Please repeat the entire listing verbatim and keep the pictures out.

> [Exercise data]

- - - - - - -

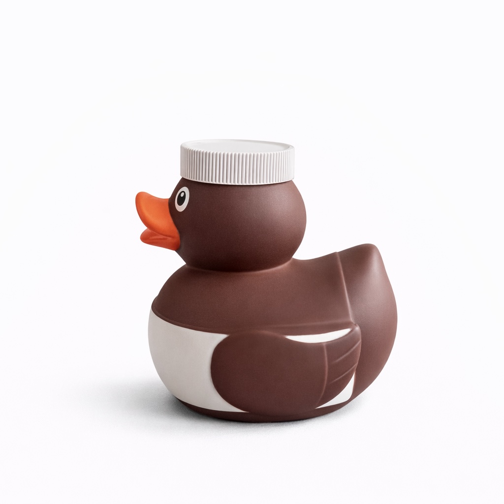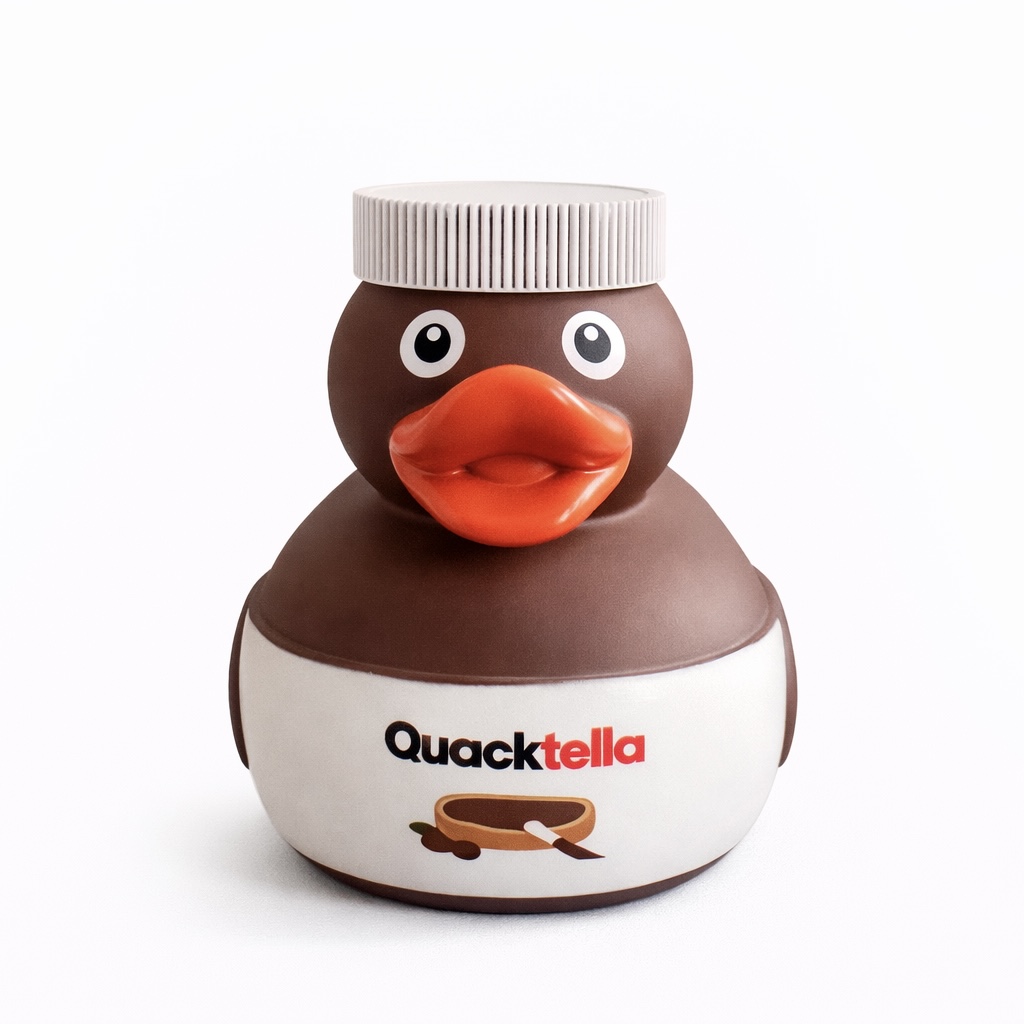 Questa simpatica paperella di gomma ha l’aspetto di un iconico barattolo di crema spalmabile al cacao e nocciole. Con il suo corpo marrone e il tappo bianco, sembra appena uscita dalla dispensa di un goloso! Perfetta per chi ama dolcezza e originalità!
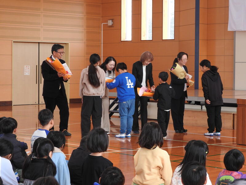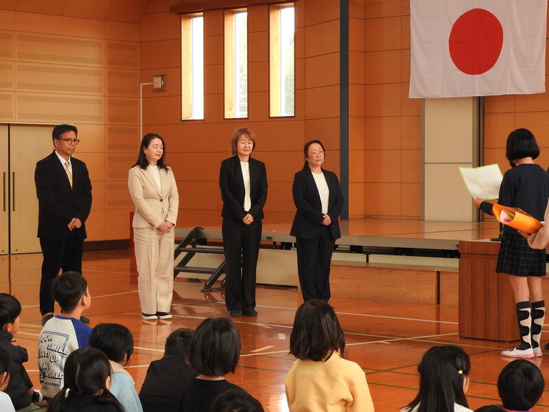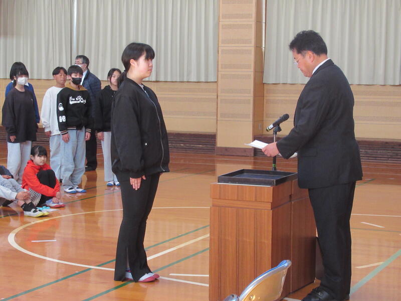 3月23日(月)、修了式を行いました。各学年代表による1年間をふり返っての作文発表の後、各学年の代表児童に「修了証」を渡しました。校長講話では、修了式の意義や目的確認し、気持ち新たに4月の始業式を迎えてほしいという話をしました。この1年間無欠席だった児童が12名いました。改めて、強い体と心を育てていきたいと思ったところでした。
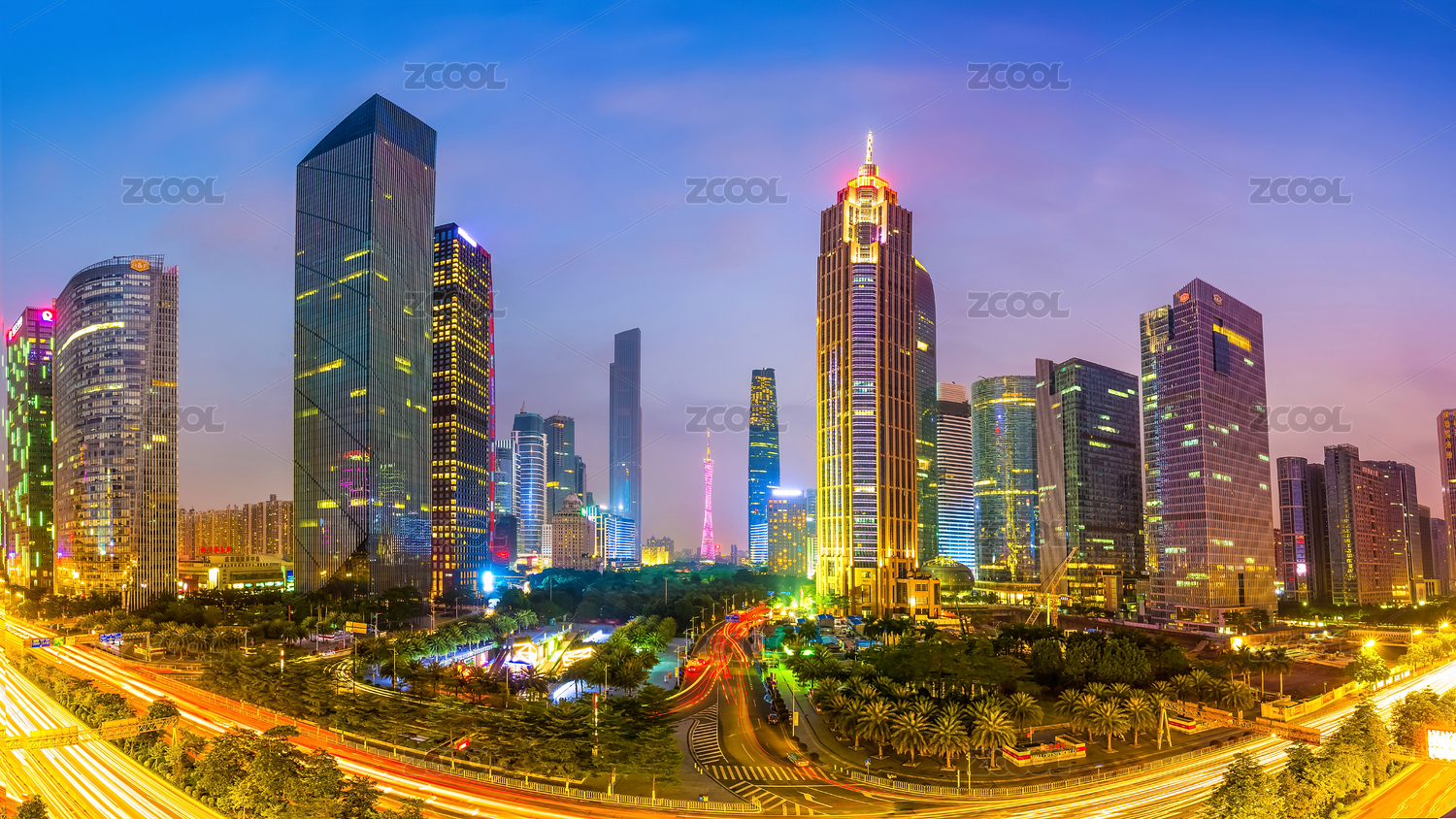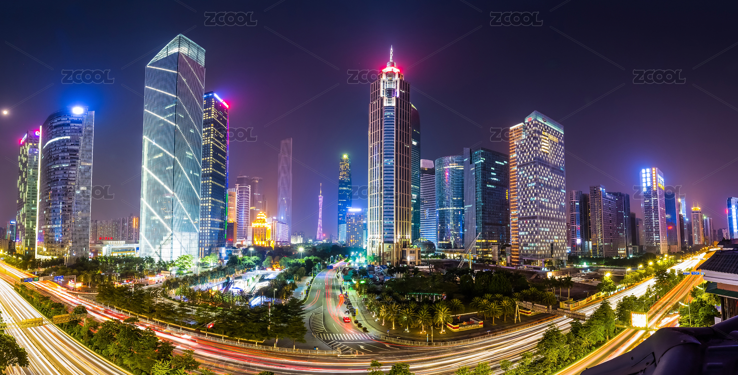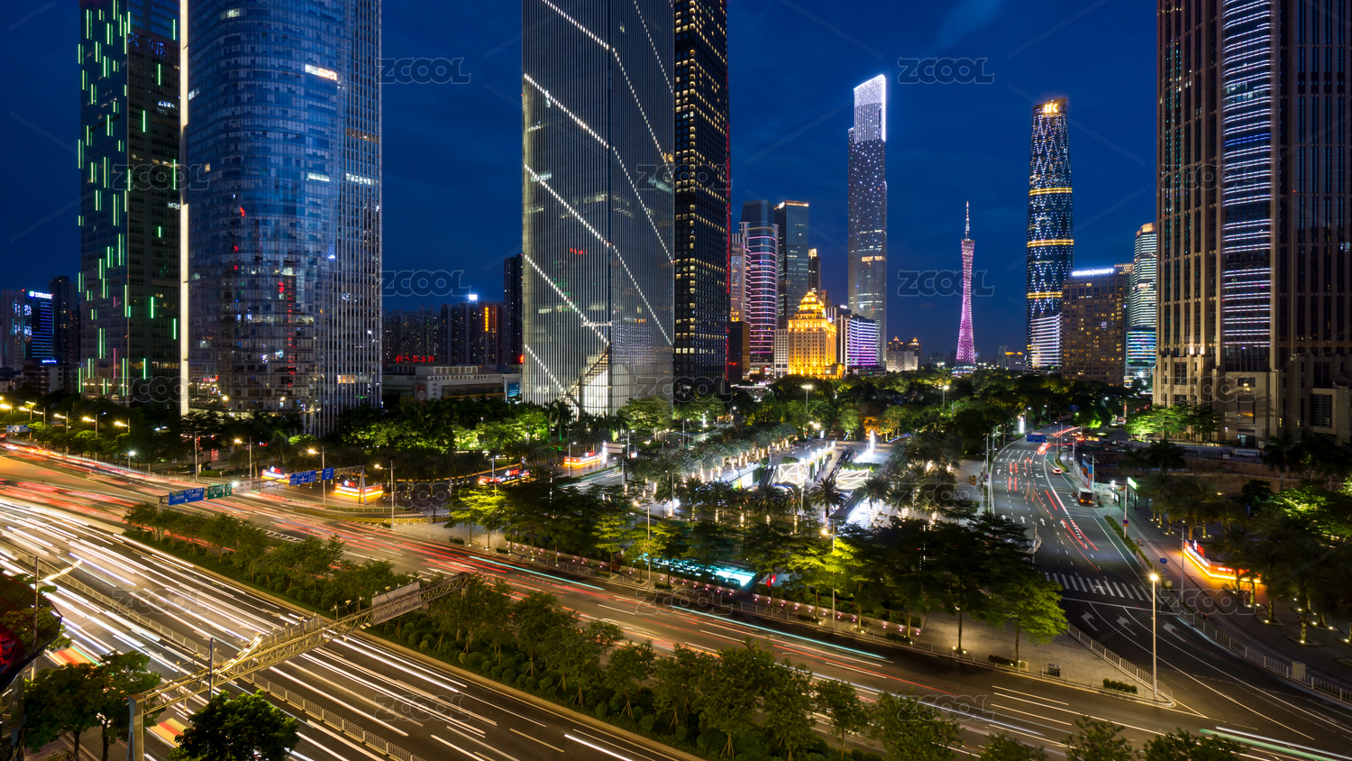 City night scenery bustling city modern financial district Guangzhou China Asia

- - - - - - -

> [Written response]
 Questa simpatica paperella di gomma ha l’aspetto di un iconico barattolo di crema spalmabile al cacao e nocciole. Con il suo corpo marrone e il tappo bianco, sembra appena uscita dalla dispensa di un goloso! Perfetta per chi ama dolcezza e originalità!
 3月23日(月)、修了式を行いました。各学年代表による1年間をふり返っての作文発表の後、各学年の代表児童に「修了証」を渡しました。校長講話では、修了式の意義や目的確認し、気持ち新たに4月の始業式を迎えてほしいという話をしました。この1年間無欠席だった児童が12名いました。改めて、強い体と心を育てていきたいと思ったところでした。
 City night scenery bustling city modern financial district Guangzhou China Asia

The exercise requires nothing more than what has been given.